Problem details –
Below are some entries. Copy each line in them that holds "super".

Excerpted data –

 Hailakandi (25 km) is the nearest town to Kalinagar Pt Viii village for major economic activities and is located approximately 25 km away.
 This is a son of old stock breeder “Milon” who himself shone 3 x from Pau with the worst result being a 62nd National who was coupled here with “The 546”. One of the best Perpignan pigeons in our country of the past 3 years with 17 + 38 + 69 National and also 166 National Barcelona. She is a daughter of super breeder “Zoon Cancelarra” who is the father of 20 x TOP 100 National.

---

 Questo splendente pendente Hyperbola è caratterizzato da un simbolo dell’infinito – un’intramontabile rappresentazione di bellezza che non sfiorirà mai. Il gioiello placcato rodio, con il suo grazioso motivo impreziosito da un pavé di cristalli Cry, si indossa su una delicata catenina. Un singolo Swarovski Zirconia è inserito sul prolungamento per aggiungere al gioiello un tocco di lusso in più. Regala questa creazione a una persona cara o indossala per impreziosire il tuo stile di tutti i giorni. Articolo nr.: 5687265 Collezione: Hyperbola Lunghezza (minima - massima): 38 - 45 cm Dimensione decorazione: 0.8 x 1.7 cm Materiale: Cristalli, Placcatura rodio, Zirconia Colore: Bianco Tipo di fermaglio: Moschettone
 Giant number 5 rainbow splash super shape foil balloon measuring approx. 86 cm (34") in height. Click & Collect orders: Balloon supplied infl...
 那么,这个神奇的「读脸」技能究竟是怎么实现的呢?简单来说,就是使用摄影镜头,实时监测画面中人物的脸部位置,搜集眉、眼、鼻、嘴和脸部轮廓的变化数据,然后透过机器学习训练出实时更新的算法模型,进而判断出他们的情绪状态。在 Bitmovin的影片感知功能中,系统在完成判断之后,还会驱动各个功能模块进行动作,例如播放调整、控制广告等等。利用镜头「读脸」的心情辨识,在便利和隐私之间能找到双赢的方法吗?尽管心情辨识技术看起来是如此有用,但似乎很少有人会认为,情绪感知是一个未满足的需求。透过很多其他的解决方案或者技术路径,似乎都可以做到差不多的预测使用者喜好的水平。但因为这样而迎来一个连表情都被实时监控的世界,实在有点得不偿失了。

* * *

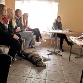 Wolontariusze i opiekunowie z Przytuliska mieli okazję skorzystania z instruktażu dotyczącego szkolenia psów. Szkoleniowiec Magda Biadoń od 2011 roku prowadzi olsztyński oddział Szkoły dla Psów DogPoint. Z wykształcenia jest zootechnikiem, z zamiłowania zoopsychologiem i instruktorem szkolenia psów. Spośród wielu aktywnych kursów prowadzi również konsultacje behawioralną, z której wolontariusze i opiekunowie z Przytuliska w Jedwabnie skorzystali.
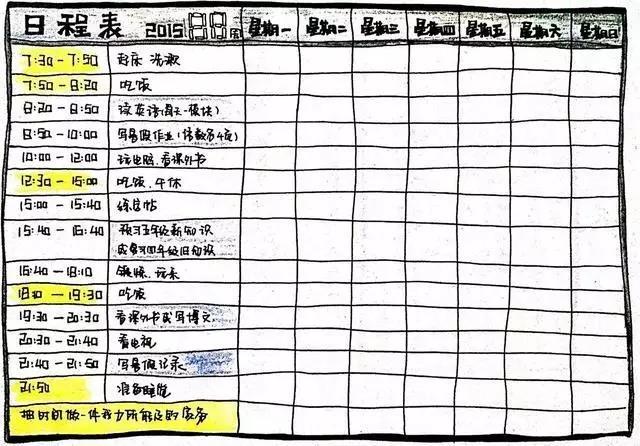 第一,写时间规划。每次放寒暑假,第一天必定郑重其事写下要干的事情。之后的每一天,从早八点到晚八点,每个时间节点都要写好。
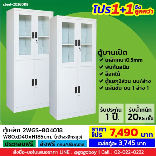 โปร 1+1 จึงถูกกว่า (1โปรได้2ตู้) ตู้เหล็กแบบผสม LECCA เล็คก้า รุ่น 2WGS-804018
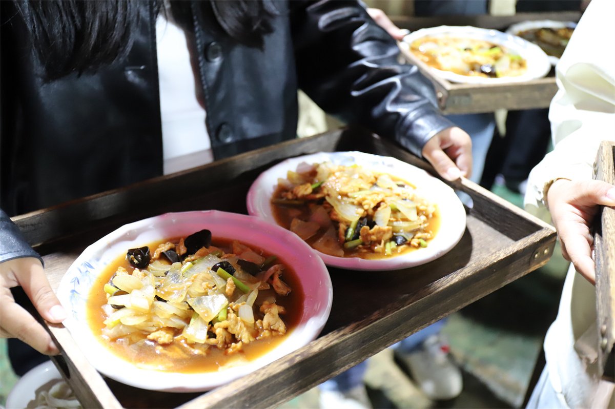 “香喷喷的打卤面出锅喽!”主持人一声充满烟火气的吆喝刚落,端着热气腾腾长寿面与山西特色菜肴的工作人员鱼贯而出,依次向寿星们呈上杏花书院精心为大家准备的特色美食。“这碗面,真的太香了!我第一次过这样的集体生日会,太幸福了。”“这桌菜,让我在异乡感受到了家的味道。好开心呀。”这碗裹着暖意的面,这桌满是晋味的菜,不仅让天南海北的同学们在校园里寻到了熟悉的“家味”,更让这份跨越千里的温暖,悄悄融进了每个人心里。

Task response –
 This is a son of old stock breeder “Milon” who himself shone 3 x from Pau with the worst result being a 62nd National who was coupled here with “The 546”. One of the best Perpignan pigeons in our country of the past 3 years with 17 + 38 + 69 National and also 166 National Barcelona. She is a daughter of super breeder “Zoon Cancelarra” who is the father of 20 x TOP 100 National.
 Giant number 5 rainbow splash super shape foil balloon measuring approx. 86 cm (34") in height. Click & Collect orders: Balloon supplied infl...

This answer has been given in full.